I don't know about applying for the other two, but unless you have dual citizenship to the US or a green card, you're out of luck there.


----------



## Steven Moxx (1 Feb 2006)

thanks alot, I filled out a long form for the New Zealand Army, it was pretty easy, i wish the others were like that. In regards to the American army, because they are so thined out with the war, that anyone from a NATO country can apply for the army. They serve 1.5 years, and get a green card.


----------



## kcdist (1 Feb 2006)

Steven Moxx said:
			
		

> . In regards to the American army, because they are so thined out with the war, that anyone from a NATO country can apply for the army. They serve 1.5 years, and get a green card.



Steven....

It appears you are new to this forum. One of the unique factors in regards to this site is that there is zero tolerance for B.S.

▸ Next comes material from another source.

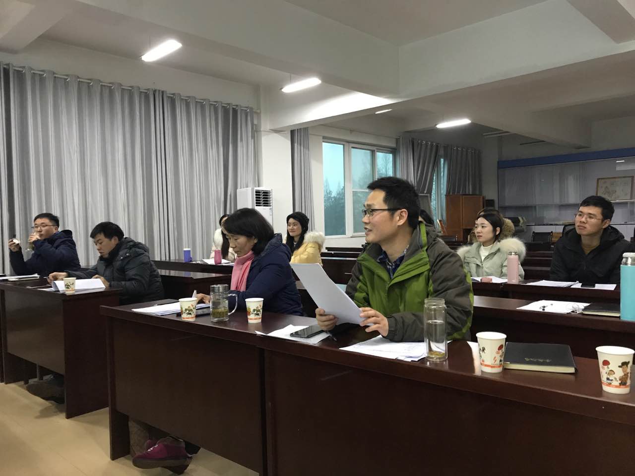 会议伊始,研究生工作秘书闫军辉博士首先介绍了此次中期考核的基本情况。本次中期考核共有15名硕士研究生参加。其中2016级硕师计划2人,2017级课程与教学论(地理)1人,2018级学科教学·地理12人。考核分2个小组进行,刘明华教授、王义民教授、高军波教授、张兴国副教授、徐丰副教授、赵国永副教授、潘晓芳博士、史兴俊博士、严育通博士、闫军辉博士等10名导师担任了评审专家。每位研究生按照抽签顺序,以PPT形式向导师组详细介绍了毕业论文的主要研究内容及进度、已经完成的工作、论文主要创新点和疑难点以及后期的进度安排。通过聆听每位硕士研究生的开题报告,评审老师们从论文研究内容、论文的逻辑结构等方面与同学们进行了深入的探讨交流,给予了非常全面及专业的指导,并提出了针对性的问题和意见。通过此次中期考核,同学们对论文的撰写思路和存在的问题有了更加清晰的认识,为后期的论文撰写打下了坚实的基础。最后,副经理王义民教授做了总结。王经理首先对各位导师认真负责的态度表示感谢,导师们切实将习主席的“四有好老师”落到了实处。王经理指出,每位同学毕业论文的进度、质量和工作量存在差异,希望同学们以此次中期考核为契机,积极主动的与导师沟通交流,思想上重视、行动上落实,为自己的硕士学业画上圆满的句号。

For example, the above quote is 100% inaccurate. The U.S. Armed Forces requires that any applicant is a U.S. citizen or the holder of a valid green card. No exceptions, end of story. 

Give your head a shake, and then check out any of the easy to find references available on the web.


----------



## PJ D-Dog (6 Feb 2006)

Steven Moxx said:
			
		

> In regards to the American army, because they are so thined out with the war, that anyone from a NATO country can apply for the army. They serve 1.5 years, and get a green card.



And where did you hear about this one?  Please state your source and let's hope it's not from a friend of a friend of a friend twice removed on the German side....in addition, if there was any truth to this statement, you would find that the shortest contract that any US military branch offers is two years but that comes with promotion restrictions etc...If you look at the training cylce, it takes anywhere from six to eight months to get trained to MOS level and then a year in Iraq for the Army...do you really think they would "GIVE" a green card for only a year and a half of your life?  IF this were true, they would want a minimum of fours years active and four more years innactive reserve which is the case for the Marine Corps (and sometimes even longer active service depending on the MOS and guaranteed enlistment options).  Geeezzzz.

PJ D-Dog


----------



## tomahawk6 (6 Feb 2006)

Hate to burst your bubble Mr Moxx there is only a 2 year contract. Thats the minimum.

http://www.goarmy.com/flindex.jsp


----------